_EXERCISE AIM_
Using the listing below, please print exactly the lines from the one with "Canvas Schilderij Engeland, London" through the one with "- Prepare new". Leave out every picture.

_RECORDS FOR PROCESSING_
>>

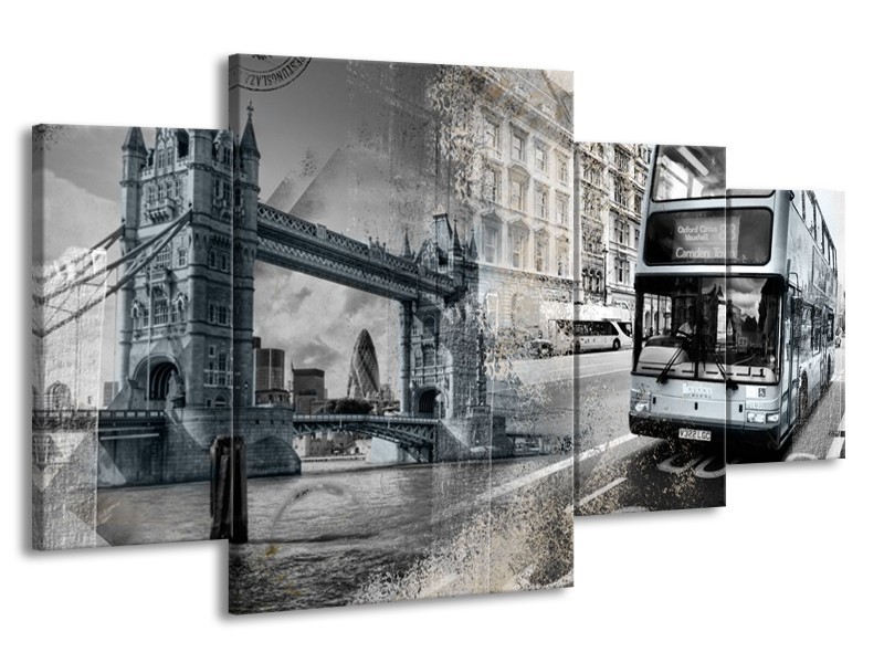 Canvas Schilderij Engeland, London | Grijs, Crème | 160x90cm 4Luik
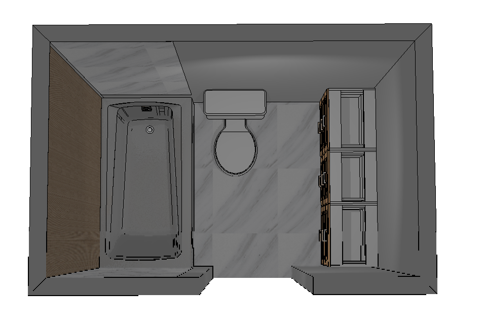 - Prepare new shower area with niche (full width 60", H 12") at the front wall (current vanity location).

<<
>>

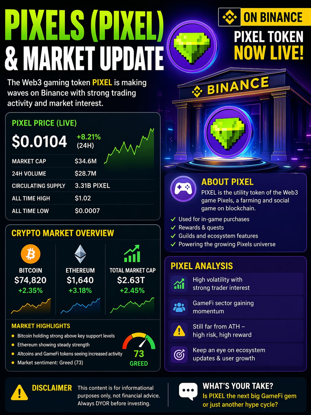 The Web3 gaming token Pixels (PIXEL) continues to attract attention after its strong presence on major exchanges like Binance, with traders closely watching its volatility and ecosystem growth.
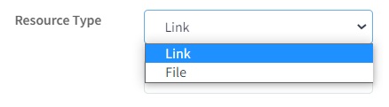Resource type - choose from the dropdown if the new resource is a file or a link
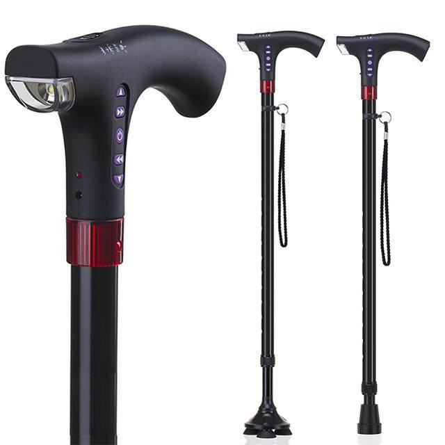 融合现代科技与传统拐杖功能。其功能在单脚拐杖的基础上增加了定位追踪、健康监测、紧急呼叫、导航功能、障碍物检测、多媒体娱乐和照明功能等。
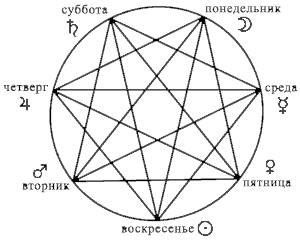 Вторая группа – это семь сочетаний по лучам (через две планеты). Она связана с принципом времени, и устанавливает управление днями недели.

<<

_TASK OUTPUT_
 Canvas Schilderij Engeland, London | Grijs, Crème | 160x90cm 4Luik
 - Prepare new shower area with niche (full width 60", H 12") at the front wall (current vanity location).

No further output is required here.